(RECORDS SHOWN Opens)
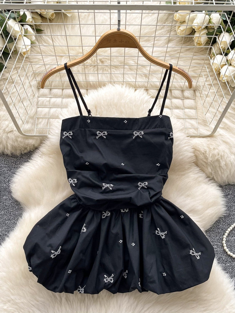 Previous NextFabulous detailing meets elegant design in this chic black dress. The delicate white bow patterns are intricately embroidered, adding a layer of sophistication and charm. Thin shoulder straps enhance the dress's graceful silhouette, while the fitted bodice flatters the figure effortlessly. The flared skirt introduces a playful yet refined aesthetic,...
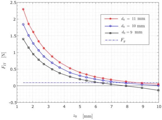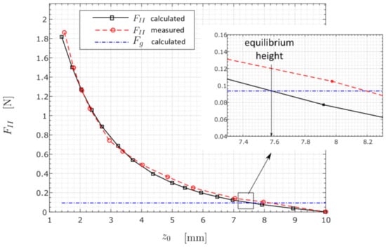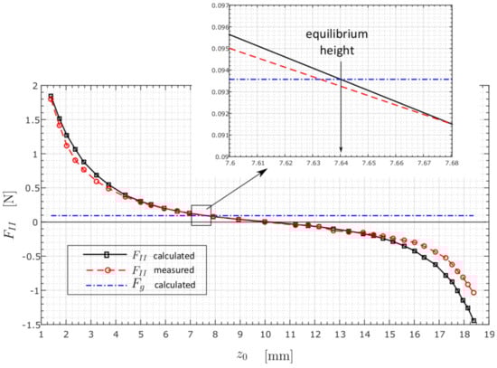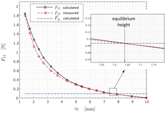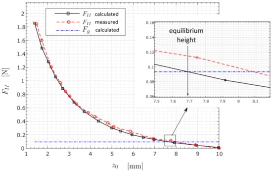 However, suppose that the influence of the rod attached to the top of the PM can somehow be eliminated from the measurements while it is a part of the measurement device which measures the force (dynamometer). Then, by knowing the second-order buoyancy force , the equilibrium height or stabile levitation state of a permanent magnet is determined by finding an intersection point between the gravitational force of the PM in the MF, , and . With respect to the calculated values, the equilibrium height of the PM for the case study corresponds to mm. The intersection is drawn in Figure 10 (the intersection between and ). Gravitational force is calculated as the weight of the PM subtracted by the weight of the displaced fluid for a given example N.
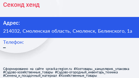Секонд-хенд по адресу 214032, Смоленская область, Смоленск, Белинского, 1а в дальнейшем Организация, размещена в следующих категориях:
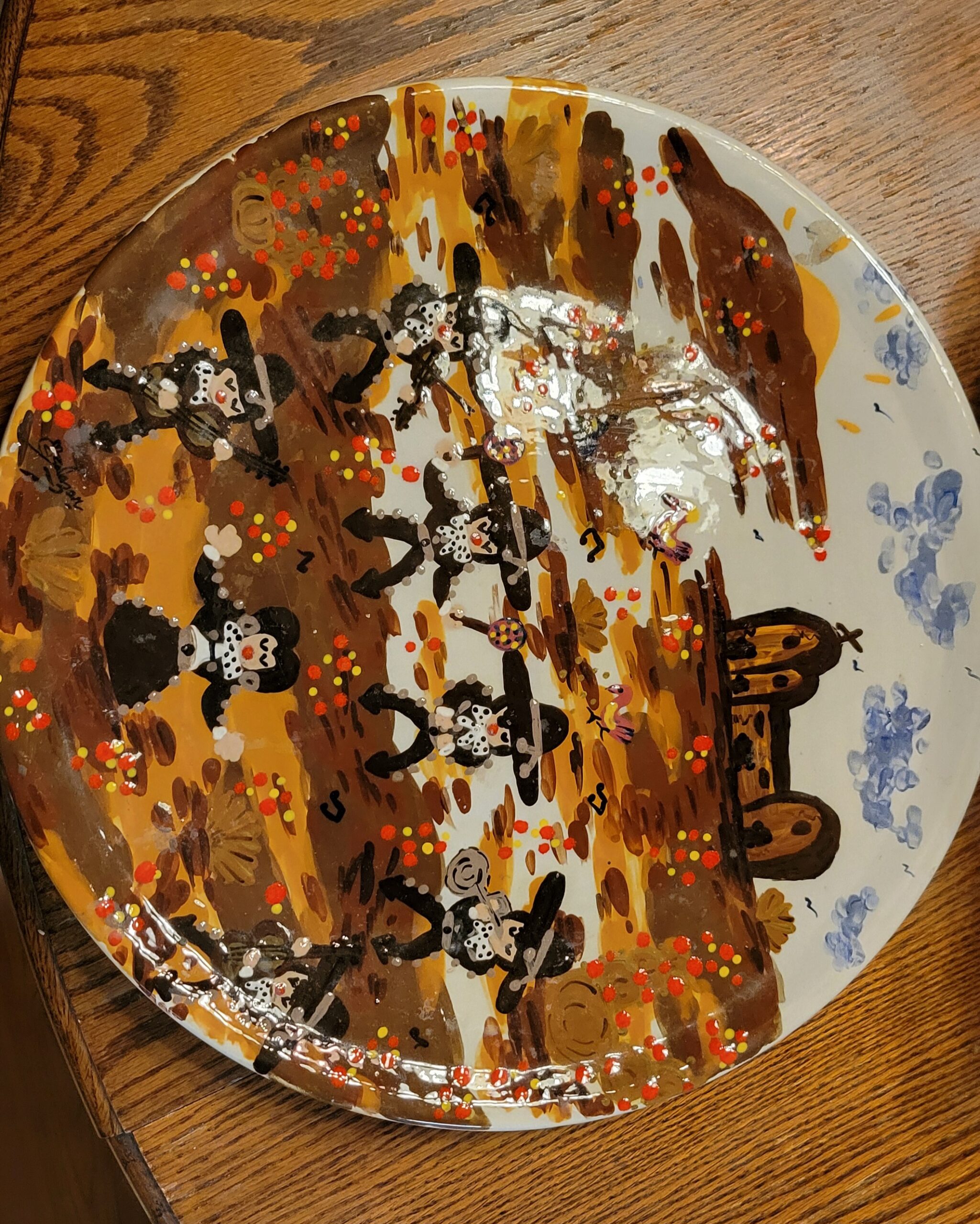 Hundreds and thousands of years ago paintings were done in caves all over the world, France, Spain, Africa. Petroglyphs and beautifully done pottery are constantly uncovered all over the world as well. In nearly all cases little is known of the creator or artist. Was it a man, a woman or even a young child with no instructor or professor to teach them? We know who painted the last supper in a wall in Milano Italy, and who painted the ceiling of the Sistene Chapel we also know who painted the walls in Mary Lou’s home and who captured the essence of familial get together on fired pottery.
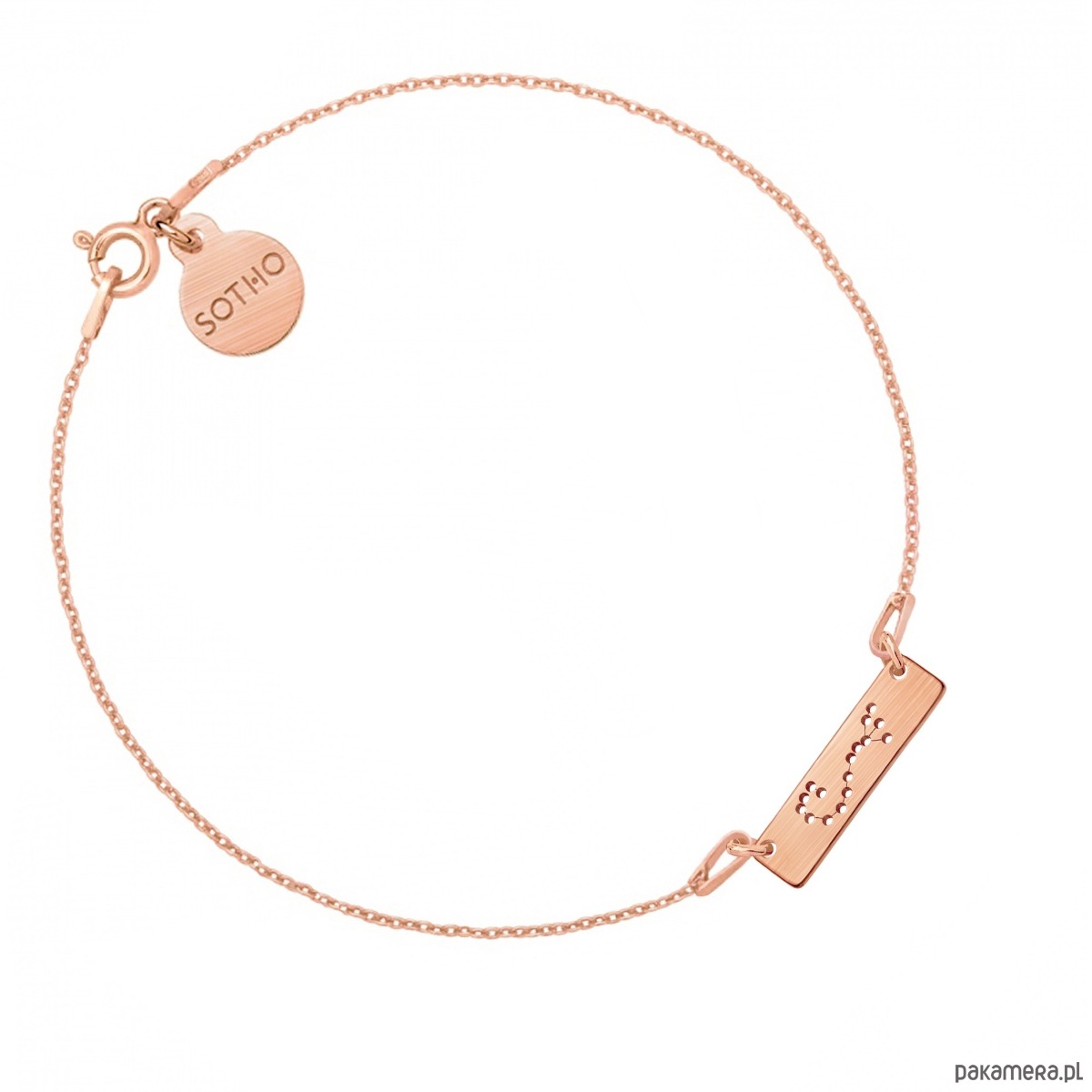 Złota bransoletka łańcuszkowa zdobiona konstelacją zodiakalną Skorpiona i zawieszką z logo marki. Całość wykonana ze srebra 925 powlekanego 18 karatowym różowym złotem.
(RECORDS SHOWN Closes)
■ **GOAL OF THE EXERCISE**
Transcribe the lines above exactly, setting aside any picture among them.

■ **TASK SOLUTION**
 Previous NextFabulous detailing meets elegant design in this chic black dress. The delicate white bow patterns are intricately embroidered, adding a layer of sophistication and charm. Thin shoulder straps enhance the dress's graceful silhouette, while the fitted bodice flatters the figure effortlessly. The flared skirt introduces a playful yet refined aesthetic,...
 However, suppose that the influence of the rod attached to the top of the PM can somehow be eliminated from the measurements while it is a part of the measurement device which measures the force (dynamometer). Then, by knowing the second-order buoyancy force , the equilibrium height or stabile levitation state of a permanent magnet is determined by finding an intersection point between the gravitational force of the PM in the MF, , and . With respect to the calculated values, the equilibrium height of the PM for the case study corresponds to mm. The intersection is drawn in Figure 10 (the intersection between and ). Gravitational force is calculated as the weight of the PM subtracted by the weight of the displaced fluid for a given example N.
Секонд-хенд по адресу 214032, Смоленская область, Смоленск, Белинского, 1а в дальнейшем Организация, размещена в следующих категориях:
 Hundreds and thousands of years ago paintings were done in caves all over the world, France, Spain, Africa. Petroglyphs and beautifully done pottery are constantly uncovered all over the world as well. In nearly all cases little is known of the creator or artist. Was it a man, a woman or even a young child with no instructor or professor to teach them? We know who painted the last supper in a wall in Milano Italy, and who painted the ceiling of the Sistene Chapel we also know who painted the walls in Mary Lou’s home and who captured the essence of familial get together on fired pottery.
 Złota bransoletka łańcuszkowa zdobiona konstelacją zodiakalną Skorpiona i zawieszką z logo marki. Całość wykonana ze srebra 925 powlekanego 18 karatowym różowym złotem.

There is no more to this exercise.